“Showers are friendly gatherings held in honor of a bride-to-be or in welcome of a new clergyman or in expectation of the arrival of the stork – for almost anything, in fact, that the imagination can invent. So, too, the setting for a shower can be almost anything – a luncheon, a dinner, an afternoon tea, an evening party, or even a morning coffee. The only distinguishing characteristic of the shower is the giving of presents to the guest of honor.” – Emily Post in her 1922 seminal book, Etiquette
While we’ve begun to move away from some of the most traditional etiquette practices (pretentiously kissing a lady’s hand, anyone?), there are still some suggestions that are good to follow. A tricky area around etiquette can be who should or shouldn’t host showers. Thankfully, there are people who figure these kinds of things out for a living! Here are some current guidelines for hosting showers.
In previous times, it was seen as inappropriate for a member of the bride’s family to host a bridal or wedding shower. Why? The Emily Post Institute, considered to be the end-all, be-all of etiquette knowledge, says, “Because the main point of a shower is to give gifts to the bride and it could seem as if her family was asking for gifts.” While it’s still considered a faux pas for an engaged couple to throw their own shower, it’s fine for anyone else to host. And, while they certainly are welcome to, bridesmaids and maids of honors are not required to host a shower.
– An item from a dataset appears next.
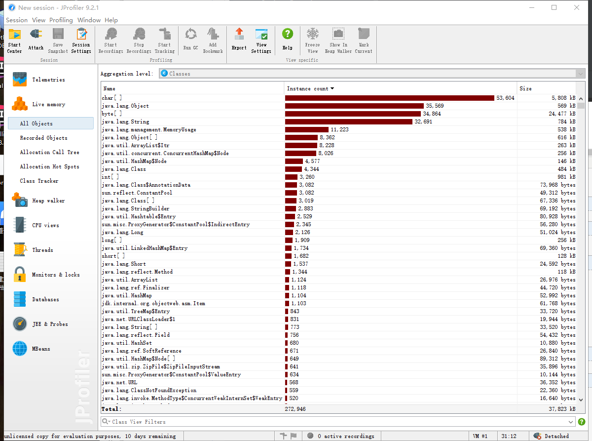 我这里使用的是JProfiler性能分析工具,性能分析过程如下:
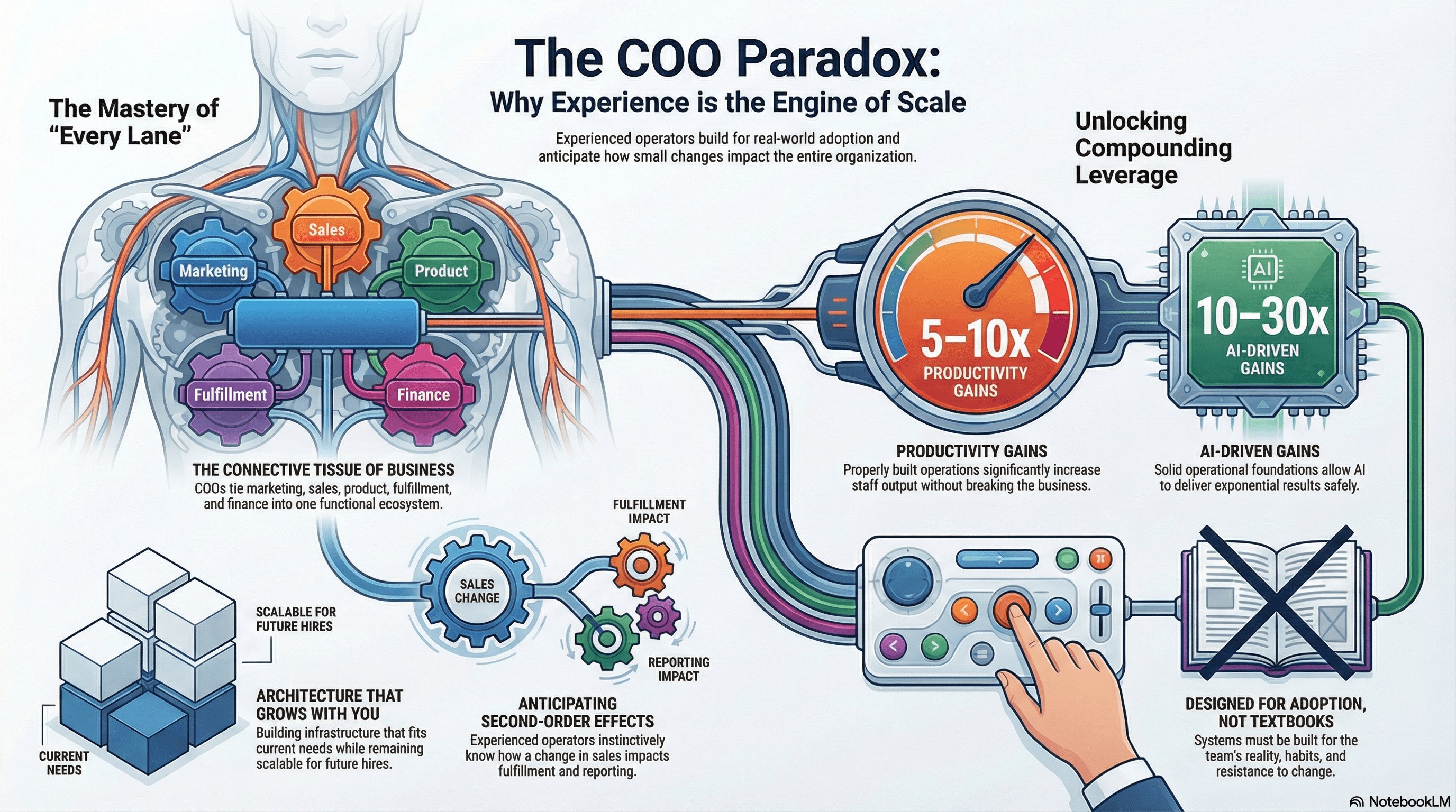 The COO is the connective tissue of the entire business tying marketing, sales, product, fulfillment, and finance together into an ecosystem that actually works.

While on the topic, it’s also good to know that “encore” bridal showers – or bridal showers for subsequent marriages – are absolutely fine to have, even if you had a shower for your first marriage. The main etiquette recommendation for these showers is to only invite close friends and family, with an exception being friends who were not invited to your first shower.
If you’re a bride-to-be, you might be wondering if it’s appropriate to have more than one shower. The short answer? Yes! Just stick to the same invite rules as encore showers: only close friends and family are invited to multiple showers.
The Emily Post Institute says, “Traditionally, close friends, cousins, aunts, sisters-in-law, or co-workers of the mother-to-be hosted baby showers. Because gifts are central to showers, having a member of the honoree’s (or husband’s) immediate family host appeared self-serving. Today it is appropriate for anyone to host a baby shower, as long as there’s a legitimate reason. For example, some parents-to-be live far from their hometowns, and their mothers and siblings want to host a shower so that long-time friends can attend.” This advice falls right in line with bridal shower advice, making it easier to remember the “rules.”
What about showers for second or third children? Similar to encore bridal or wedding showers, baby showers for subsequent children are totally fine. Stick to the same invite rules – only close friends and family and those who weren’t invited to the first shower – and you’ll be fine.
If you’re planning on hosting a shower, you might be wondering when the “best” time to host a soiree is. It’s always safe to send out invitations 3-4 weeks before the event, and follow these guidelines for scheduling:
Bridal Showers: Typically hosted two months before the wedding date
Baby Showers: Typically hosted six weeks before the due date
These dates can be moved around slightly, according to the honoree’s needs and whether or not there are multiple showers being hosted or extenuating circumstances (such as travel, bed rest, or other unforeseen events).
The good news? Anyone but the honoree can host any kind of shower, so get to planning!